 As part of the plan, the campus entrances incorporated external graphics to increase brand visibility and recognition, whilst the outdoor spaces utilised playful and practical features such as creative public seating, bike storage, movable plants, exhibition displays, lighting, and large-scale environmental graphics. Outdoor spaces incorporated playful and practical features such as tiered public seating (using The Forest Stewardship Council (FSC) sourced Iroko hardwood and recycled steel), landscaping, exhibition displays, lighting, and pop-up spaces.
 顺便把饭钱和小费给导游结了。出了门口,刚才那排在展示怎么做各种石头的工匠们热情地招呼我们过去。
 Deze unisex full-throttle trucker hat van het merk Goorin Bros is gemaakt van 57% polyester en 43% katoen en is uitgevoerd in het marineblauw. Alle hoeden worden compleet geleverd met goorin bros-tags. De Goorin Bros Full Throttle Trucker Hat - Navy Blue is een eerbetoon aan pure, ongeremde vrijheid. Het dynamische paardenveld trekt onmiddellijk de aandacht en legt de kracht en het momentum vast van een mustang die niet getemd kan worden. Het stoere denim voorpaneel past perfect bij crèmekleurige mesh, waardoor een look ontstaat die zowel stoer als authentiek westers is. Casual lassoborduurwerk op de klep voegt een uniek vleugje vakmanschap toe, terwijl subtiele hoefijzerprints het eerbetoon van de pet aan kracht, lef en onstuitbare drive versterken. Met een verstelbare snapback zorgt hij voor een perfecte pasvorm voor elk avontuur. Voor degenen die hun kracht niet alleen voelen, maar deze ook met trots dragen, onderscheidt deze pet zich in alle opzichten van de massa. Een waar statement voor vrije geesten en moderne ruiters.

------------------------------

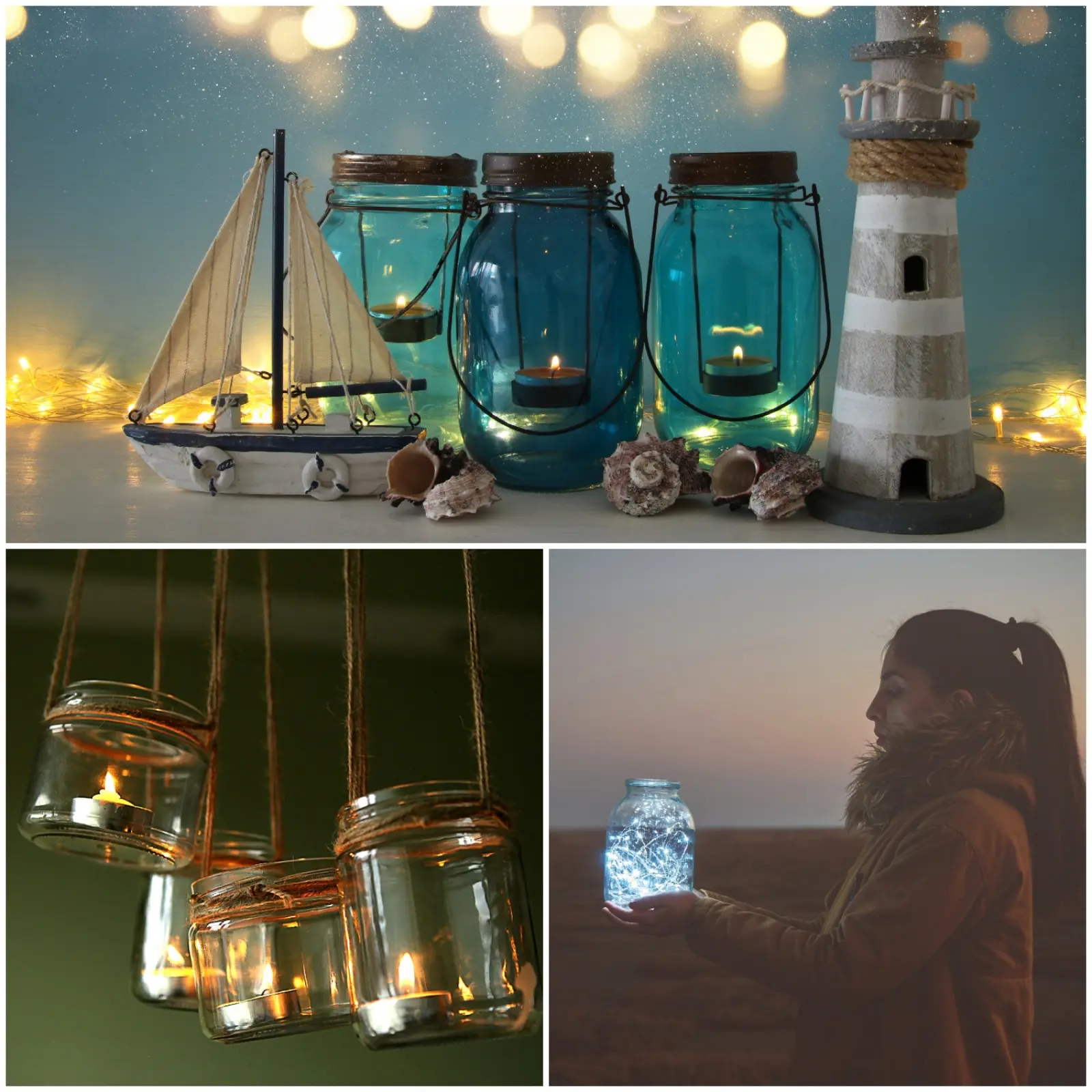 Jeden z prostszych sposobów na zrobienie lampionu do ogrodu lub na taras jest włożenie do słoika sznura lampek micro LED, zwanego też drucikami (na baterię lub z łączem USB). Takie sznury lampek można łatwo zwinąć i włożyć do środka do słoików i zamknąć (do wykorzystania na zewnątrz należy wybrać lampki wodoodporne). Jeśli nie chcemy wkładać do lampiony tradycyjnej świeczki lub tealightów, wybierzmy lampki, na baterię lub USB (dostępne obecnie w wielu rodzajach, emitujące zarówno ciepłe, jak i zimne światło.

------------------------------

**WORK ORDER:** Set down, exactly as they appear above, all lines from the one that has "As part of the" down to the one that has "顺便把饭钱和小费给导游结了。", including those two and no others.

**WRITTEN REPLY:**
 As part of the plan, the campus entrances incorporated external graphics to increase brand visibility and recognition, whilst the outdoor spaces utilised playful and practical features such as creative public seating, bike storage, movable plants, exhibition displays, lighting, and large-scale environmental graphics. Outdoor spaces incorporated playful and practical features such as tiered public seating (using The Forest Stewardship Council (FSC) sourced Iroko hardwood and recycled steel), landscaping, exhibition displays, lighting, and pop-up spaces.
 顺便把饭钱和小费给导游结了。出了门口,刚才那排在展示怎么做各种石头的工匠们热情地招呼我们过去。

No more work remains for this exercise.